If I can lighten the load a little then I am almost sure it can be done, especially if I get one with a cart built into the back.


----------



## notOK (Aug 1, 2014)

Why a bike with an aftermarket motor, opposed to just getting a moped or dirtbike or whatever? The ability to pedal should you choose? There's few things in this world that flat out can't be done, it's just a matter of working out the logistics, is all. 

Do you plan on doing extensive mountain biking, like on trails and whatnot? Could you perhaps have a high-backed seat on which to lean back & to which you could strap your pack and thereby eliminate the need for the cart altogether?

Also, gasoline is lighter than h2o, it's like 3/4 the weight, 6 lbs and small change.


----------



## urchin (Aug 1, 2014)

We planned to have it now, she can't get a licence at the moment, and we wanted to take it with us on the road. 

We won't go down trails or anything, at least not while going somewhere. Once we camp at a place then maybe. 

We would love to have a recumbent bike but right now we can't.


----------



## creature (Sep 8, 2014)

"ttyIsland Hopper" folding bikes.. the "Mariner" is a 20" model with a Honda GX35 single cylinder 4 stroke.. runs about $700, new..
I got one used in NM for $200, but the carb needs a gasket.. I'll be replacing her when she pops out of the sky, though I could order her, if i liked..
we'll see.. ( http://www.motorizedfoldupbikes.com/ )
The engine configuration is a frame motor mount with a horizontal friction drive bar.
This makes the motor removable (pretty damn easy!!), without any changes to the gear & chain assembly..

I imagine a friction drive results in special considerations to the tires..
The one on this puppy are smooth, & clearly non-terrain, but they also are built like hell.. i'm guessing they have aramid walls..
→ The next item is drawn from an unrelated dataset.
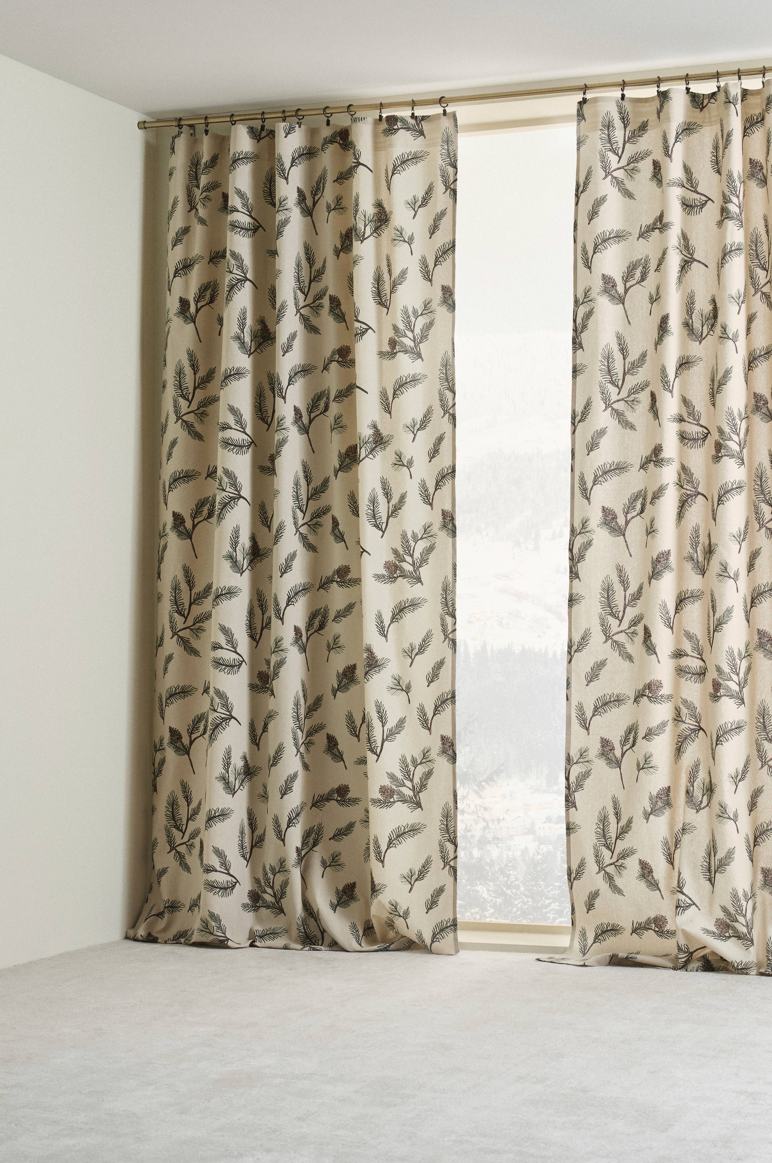 To gardinlengder i kraftig og samtidig litt løst vevd bomull. Kongler og grankvister gir mønsteret HOLLY sin herlige naturlige følelse. Mønstertrykket er inspirert av våre vakre skoger, og skaper herlig stemning til jul - men gjør seg like fint hele året. Påsydd multifunksjonsbånd øverst gjør det mulig å henge opp gardinen med fingerkroker, kanal samt skjult hempe.

As i mentioned, some fellow has done several circumnavigations of the US in a motorized bike, with a trailer (about 3'x3'x3'), so it's clearly doable on a *dedicated* vehicle.. i wouldn't want to tow anything larger than a child carrier.. a good motor & bike will wizz close to 300 pounds, total, at, say, 25 MPH, but you had better have a well built power plant.. no chineese knock offs (although check the Island Hopper site, because their cheaper version is a non-honda engine, and *nothing* in the construction of this one is shoddy or second rate, so their alternative engines are probably pretty sound, too).
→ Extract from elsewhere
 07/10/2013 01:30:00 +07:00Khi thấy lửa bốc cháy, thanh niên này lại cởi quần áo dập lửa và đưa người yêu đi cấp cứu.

Their bolt-on kits run from $300 - $550, engine included, depending on the motor used
It is a very, very easy assembly.. the throttle cable, however, do not appear to be included (just a simple sheathed cable), so you may have to improvise..
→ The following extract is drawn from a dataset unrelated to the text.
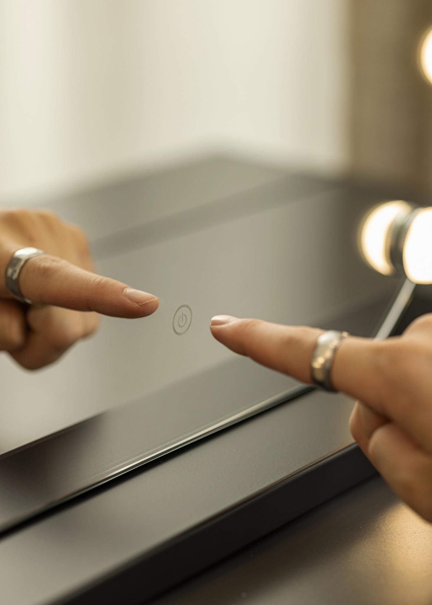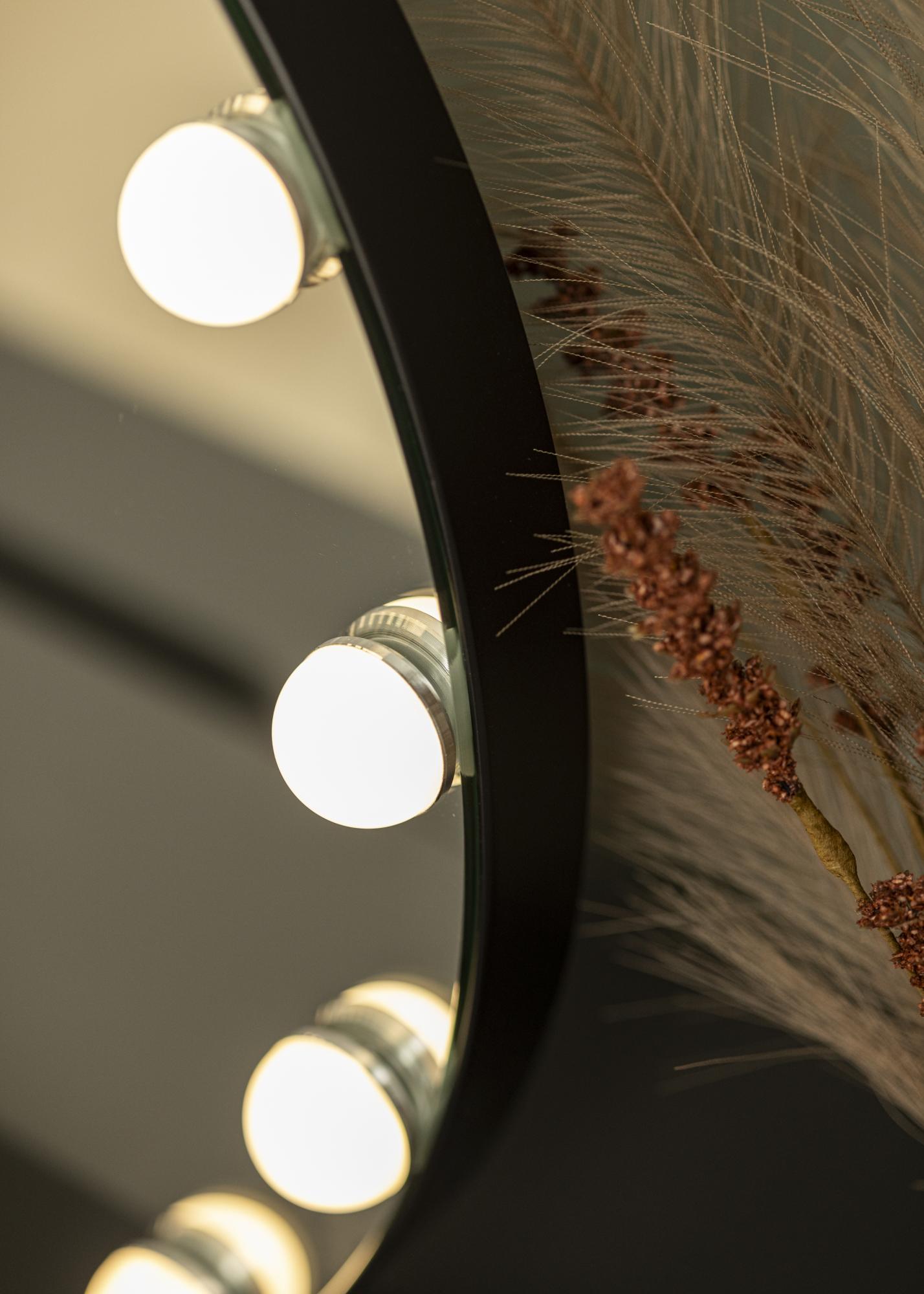 Doživite vrhunski občutek razkošja in hollywoodskega glamurja z našim ogledalom za ličenje z lučmi v elegantnem črnem odtenku. To ogledalo za ličenje je opremljeno z 12 dekorativnimi LED žarnicami, ki ustvarjajo enakomerno in toplo belo svetlobo pri 3000K, kar je optimalno za nanašanje ličil. Osvetlitev se aktivira z gumbom na dotik in jo je mogoče preprosto prilagoditi v moči z držanjem gumba. Poleg tega so LED žarnice energijsko varčne, kar zagotavlja trajnostno in naravno svetlobo. Naše ogledalo za ličenje združuje praktično funkcijo s trendovskim dizajnom, kar ga naredi za popoln dodatek vašemu domu, ne glede na to, ali gre za vašo sobo za ličenje ali spalnico.

300 pounds is not a lot, depending on your size.. plus, if you push a limit like that, you are tempting fate..

As everyone above has mentioned, hitching with the damn thing would be impractical, but christ.. if you do even a gentle 20 MPH under load, it would be fucking kick ass...

DO NOT OVERLOAD DO NOT OVERLOAD DO NOT OVERLOAD DO NOT OVERLOAD...
did i mention... don't overload the poor 'lil bastards...
these things, 2 or 4 stroke, are air-cooled.. 10 degrees in ambient temperature makes a *huge* difference, especially if the air is dry..
i might try to make a little air scoop, for mine..
if you hit the desert, pay attention to her..
also, these things are not great at inclines, so be ready to pay the piper, if you do any mountain crossings..
friction drives are simple, but not efficient.. if you try & beat your beast, fully loaded, up trail too long, she *will* bite you..
once an engine is damaged & you get a ping in your valves, a rattle from your rings, or shake in any of your bearings, is does NOT go away, unless you hear it as it develops and is only a matter of thermal expansion and are smart enough to STOP MOVING and let her idle down, and slowly cool her off.. (idle down, run for 15 seconds, turn off.. wait 30 seconds, restart, run for 10 seconds, turn off, wait 45 seconds, turn on, run ten seconds (2 times) then off.
---- in fact if you suspect overheating early, go to idle, turn around & *coast* downhill, before performing your cool down procedure).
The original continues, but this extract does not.